Markedly elevated cholesterol in relatives
Possible FH can also be supported when there is evidence of severe hypercholesterolemia in close relatives, including:
- Adult first- or second-degree relative with total cholesterol above about 7.5 mmol/L (290 mg/dL), or
- Sibling under 16 years with total cholesterol above about 6.7 mmol/L (260 mg/dL).
The sibling-specific pediatric threshold mirrors the idea that an affected brother or sister may reveal the family genotype early, even before adult relatives have been systematically screened.
How clinicians typically use the output bands
Definite FH usually triggers accelerated pathways: specialist lipid evaluation, high-intensity LDL lowering, imaging discussions guided by age and risk, family screening, and formal molecular testing or confirmation per local laboratory policy. The goal is not only to treat the index patient but to identify undiagnosed relatives who may be normolipidemic at a single time point yet still carry risk.
Possible FH commonly warrants similar escalation even before a variant is found, because the pre-test probability remains substantial when lipids are extreme and family patterns fit. Many systems treat “possible” as sufficient for referral and cascade coordination, recognizing that genetic testing may reclassify certainty over time.
When cholesterol is elevated but no additional Simon Broome feature is present, clinicians still address cardiovascular risk and evaluate for secondary causes, polygenic hypercholesterolemia, and other genetic lipid disorders; the absence of a Simon Broome upper band does not equate to “no concern.”

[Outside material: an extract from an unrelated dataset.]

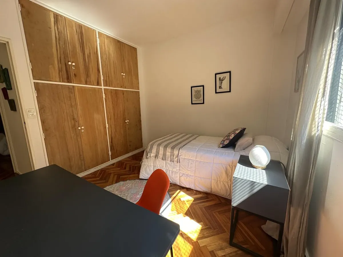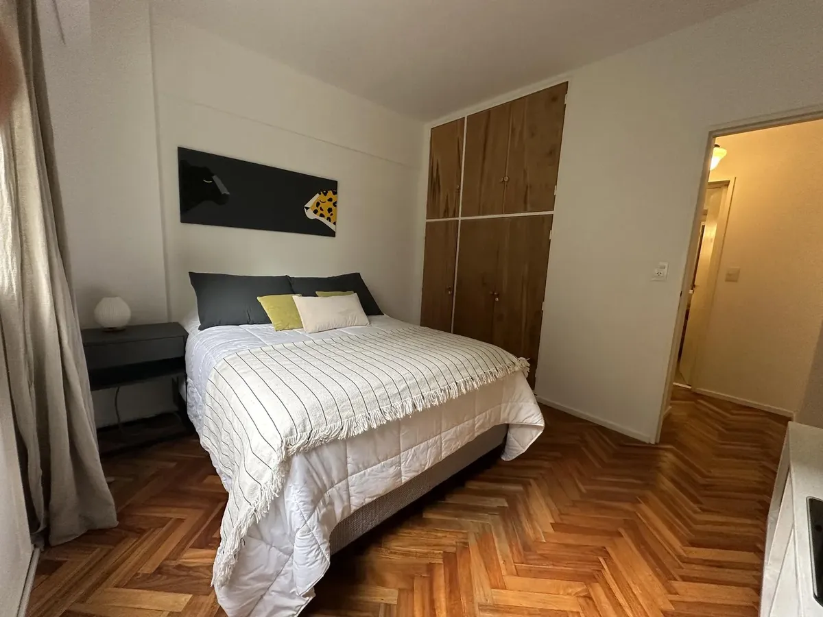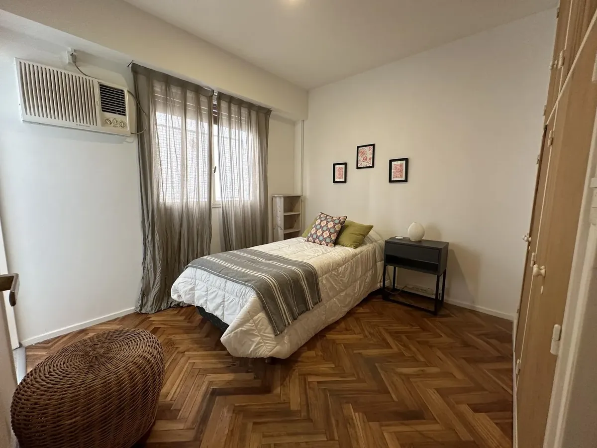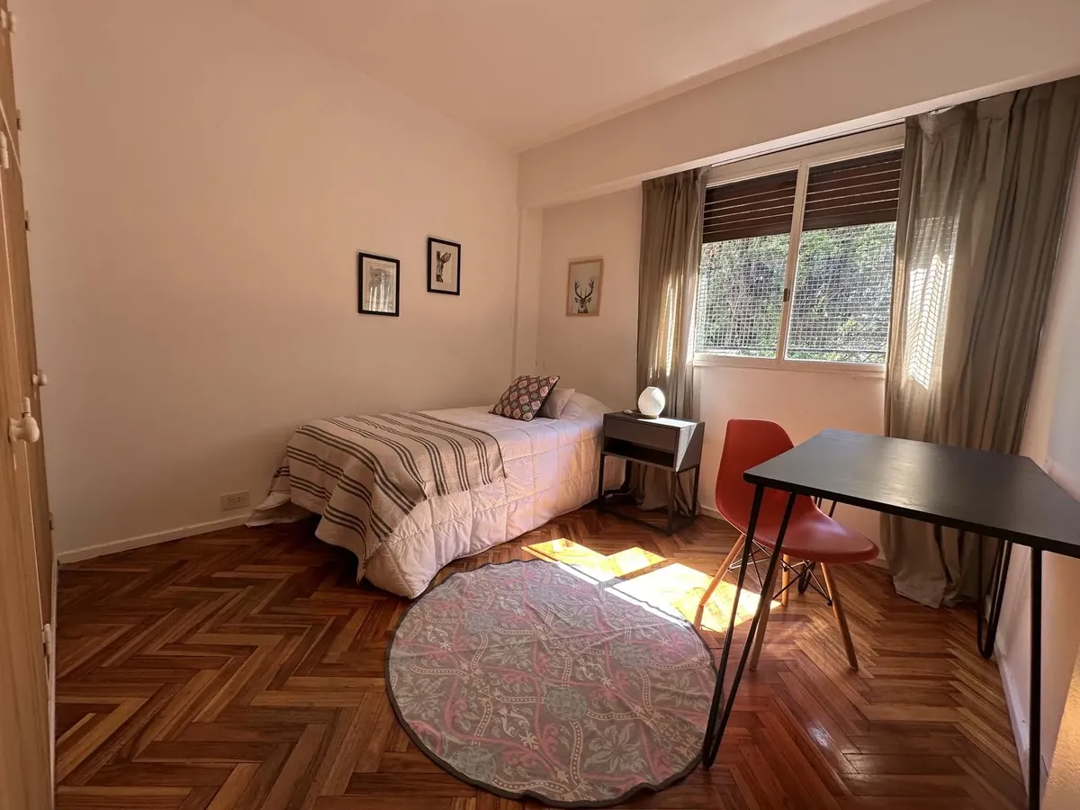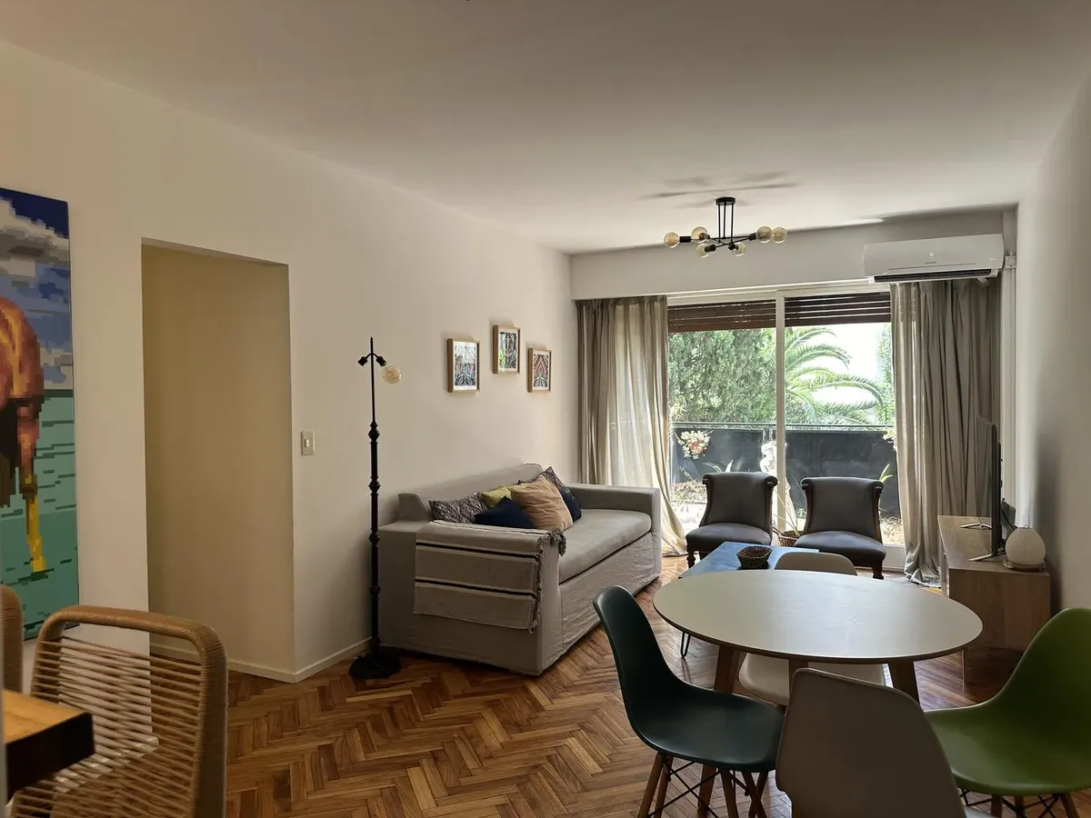 Квартира в Colegiales, временная аренда на 1 месяц. 4 комнаты после ремонта, с мебелью, окна во двор. Кухня с полупроходом и барной стойкой выходит в гостиную-столовую с выходом на балкон во внутренний двор квартала. В прихожей есть коридор с гостевым туалетом, 3 спальни и полноценная ванная с ванной. В квартире установлены 2 кондиционера, паркетные и керамические полы, в здании есть портье на первом этаже. В числе оборудования холодильник, стиральная машина, микроволновая печь, кофеварка, тосте

Relationship to examination findings not used as tendon criteria
Xanthelasma and corneal arcus are frequently discussed in FH clinics. They may accompany severe hypercholesterolemia but are not substitutes for tendon xanthomata within the classical Simon Broome definite phenotype arm. Likewise, the criteria do not replace tools that quantify overall short-term cardiovascular risk in the general population; FH care emphasizes lifetime LDL burden and early prevention rather than a single 10-year risk estimate alone.
Use with this calculator
Electronic worksheets should be checked against locally endorsed threshold units, age rules, and documentation standards for genetic results. Family histories should be verified where feasible, and borderline lipid values may merit confirmatory fasting profiles or repeat testing according to laboratory quality goals.